PAŞAKAPI’DA ÖLMEK İSTEDİM
28 Ekim 2010’da tutuklandım Saat 02.30 Paşakapısı cezaevindeydim. O an, “Duvarlar yıkılsa da altında kalsam. Deprem olsun ve öleyim diye düşündüm. Babam Paşakapısı Cezaevi’ne eşyalarını getirdiği gün ağladım. O günden sonra bir daha ağlamayacağım diye kendi kendine söz verdim.
HAİNler VAR
Bence, Silahlı Kuvvetlerin içinde birileri bazı belge bilgileri dışarı çıkartıp, bunları manuple etmiş. Daha sonra da bu belgeler başka bir ekip tarafından hedef kişilerin evine bilgisayarlarına yerleştirilmiş. İçerdeki bazı hain astsubay ve subaylar bu tezgahın içinde olduğunu düşünüyorum.”
Yönetici yok, üye var
İBRAHİM Sezer’in avukatı Mahir Işıkay geçtiğimiz günlerde çıkan mahkemenin gerekçeli kararı ile ilgili olarak Hürriyet’e şunları söyledi: “Örgüt suçunun hiç bir unsuru olmamasına rağmen yöneticisi ve kurucusu olmayan bir örgütün üyesi olmaktan bazı sanıklara ceza verilmesi açıkça yasaya aykırıdır. En sıkı hiyerarşinin mevcut olduğu TSK’da albayın generala emir ve talimat verdiği hiyerarşi nerde vardır ? Ayrıca sözde bu örgütte kim haklı veya haksız ne menfaat temin etmiştir. Mahkeme bunu bile değerlendirmemiştir.

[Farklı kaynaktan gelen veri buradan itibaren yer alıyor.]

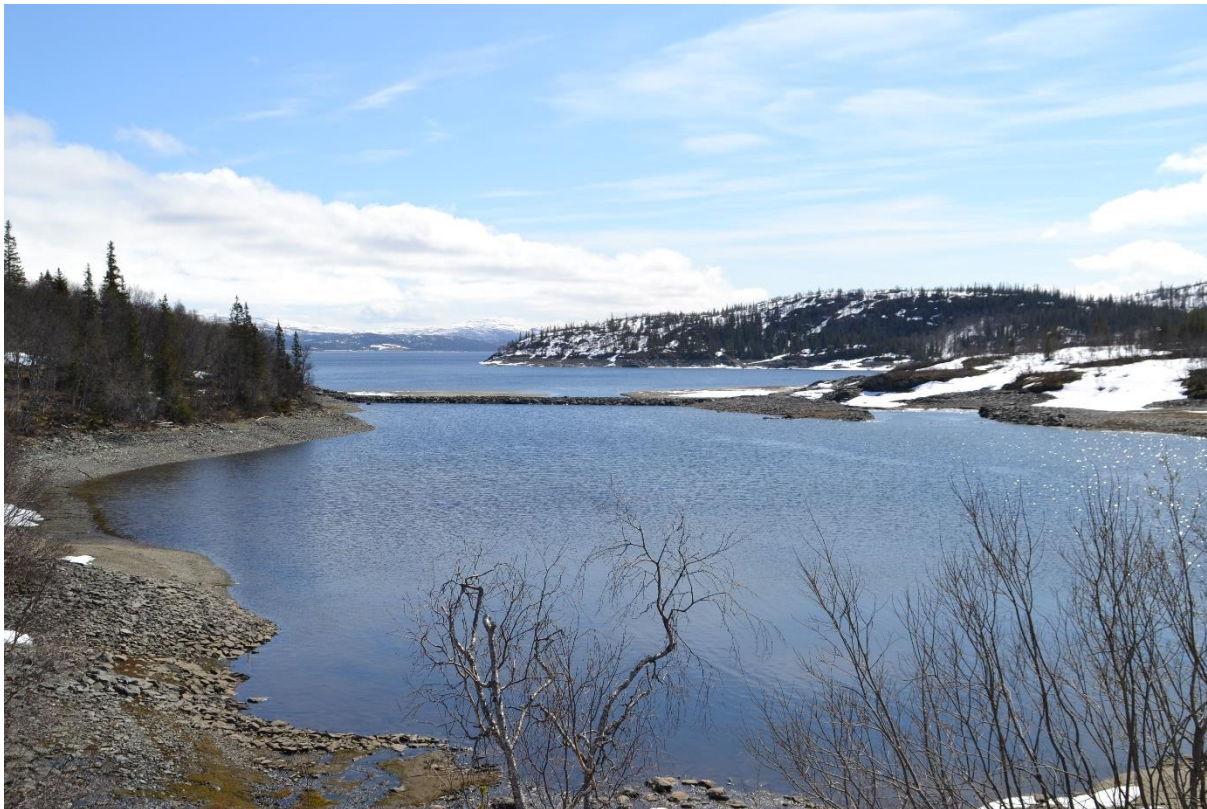
Utsikt mot Limingen som viser terskel anlagt for å holde vannstanden av hensyn til kloakkutslipp.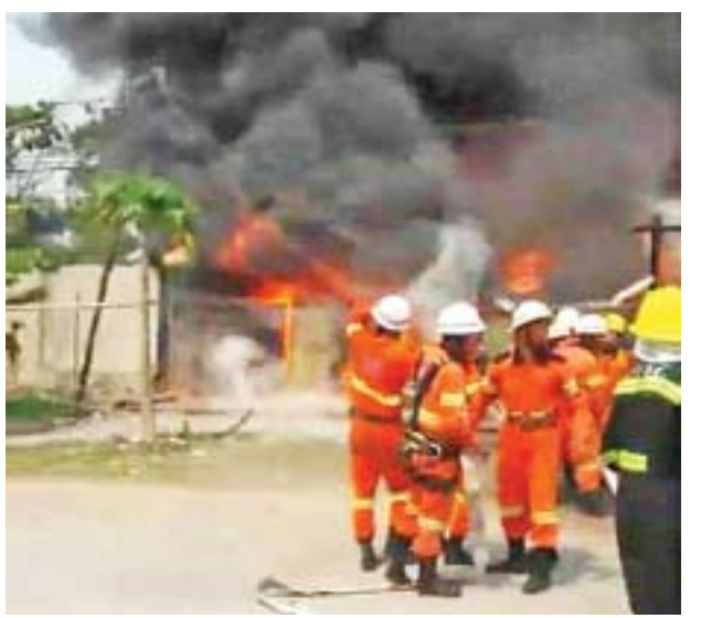
ပြည်ကြီးတံခွန်မြို့နယ်ရှိ ဖိနပ်ချုပ်လုပ်ငန်းအလုပ်ရုံ မီးလောင်မှုဖြစ်ပွား

Kanaatimce sanıklar hakkında verilen mahkumiyet kararları hem usul hem de esas yönünden Yargıtay tarafından bozulacak, maddi gerçekler ortaya çıkacak tüm sanıkların masumiyeti tescillenecektir.
İyi saklayın
İbrahİm Sezer, 20 Kasım 1997’de beraberinde 35 silah arkadaşıyla birlikte, PKK’ya karşı başarıları nedeniyle ödüllendirilmişti. Çankaya Köşkü’nde düzenlenen ödül törenine dönemin Genelkurmay Başkanı İsmail Hakkı Karadayı’nın yanı sıra Cumhurbaşkanı Süleyman Demirel de katılmıştı. Demirel çekim sırasında gazetecilere dönerek, “Bu fotoğrafı iyi saklayın. Bu kadar güzel fotoğrafı uzun zamandır çekmediniz” demişti. Sezer fotoğrafı bulunan haber küpürlerini bugüne kadar sakladı.